Lalon Shah's 127th death anniversary Monday

Lalon Shah’s 127th death anniversary Monday


The 127th death anniversary of Fakir Lalon Shah, the most prominent figure of country’s baul tradition, will be observed here today amid tight security measures.

Marking his death anniversary, different programmes including a three-day fair from October 16 to 18, cultural function, conference of bauls, discussion and presentation of Lalon songs will be held on the bank of the river Kaliganga at Chheuriya here, where Lalon’s shrine is located.

Lalon Academy President and Kustia Deputy Commissioner (DC) M Jahir Raihan told BSS that like previous years local administration has taken tight security measures to avert any untoward incident on the occasion.

He said huge number of Lalon followers from home and abroad, visitors and researchers are expected to attend in hordes here on the occasion.

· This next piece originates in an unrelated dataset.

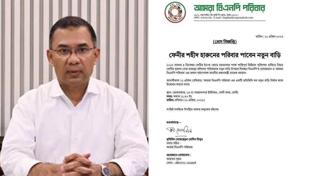 রোববার (১২ এপ্রিল) ‘আমরা বিএনপি পরিবার’-এর একটি প্রতিনিধিদল নতুন বাড়ি নির্মাণকাজের উদ্বোধন করবেন। আমরা বিএনপি পরিবার সদস্যসচিব কৃষিবিদ মোকছেদুল মোমিন মিথুন সাক্ষরিত এক সংবাদ বিজ্ঞপ্তিতে এ কথা জানানো হয়।জানা যায়, ফেনী সদর উপজেলার ফরহাদনগর ইউনিয়নের ভোরবাজারের যুবদল নেতা হারুনুর রশিদ ওই বছরের ৪ ডিসেম্বর হরতালের পক্ষে মিছিল করতে গিয়ে পুলিশের গুলিতে প্রাণ হারান।

“Apart from the regular forces, adequate members of anti-crime elite force Rapid Action Battalion (RAB), plain-clothed police personnel, Border Guard Bangladesh (BGB) and tourist police will remain vigil there”, the DC added.

Researcher Dr Abul Ahsan Chowdhurty said Lalon, also known as Lalon Sain, Lalon Shah, Lalon Fakir or Mahatma Lalon, was a prominent Bengali philosopher, baul saint, mystic, songwriter, social reformer and thinker.

He was away from religion, cast and racial discrimination and positioned the humanity in the highest position, he mentioned, adding, Lalon was a humanist, wrote songs being encouraged from this perception of secularism.

Considered an icon of Bengali culture, Lalon inspired and influenced many poets, social and religious thinkers including world poet Rabindranath Tagore, Kazi Nazrul Islam and American poet Allen Ginsberg.

Lalon died at Chheuriya in 1890 at the age of 116 years. He was buried at the middle of his dwelling place known as his Akhra.

Fakir Lalon Shah was born in 1774 at Horishpur, Horinakundo, Jhenaidah. No details are found about the life of Lalon even he did not say anything about himself through writings but addressed himself as Lalon Fakir in some of his songs.

Experts say Lalon left no written copies of his songs, which were transmitted orally and only later transcribed by his followers. He composed about two thousand songs. However, many rural bauls claim that the number would be over 10,000, reports BSS.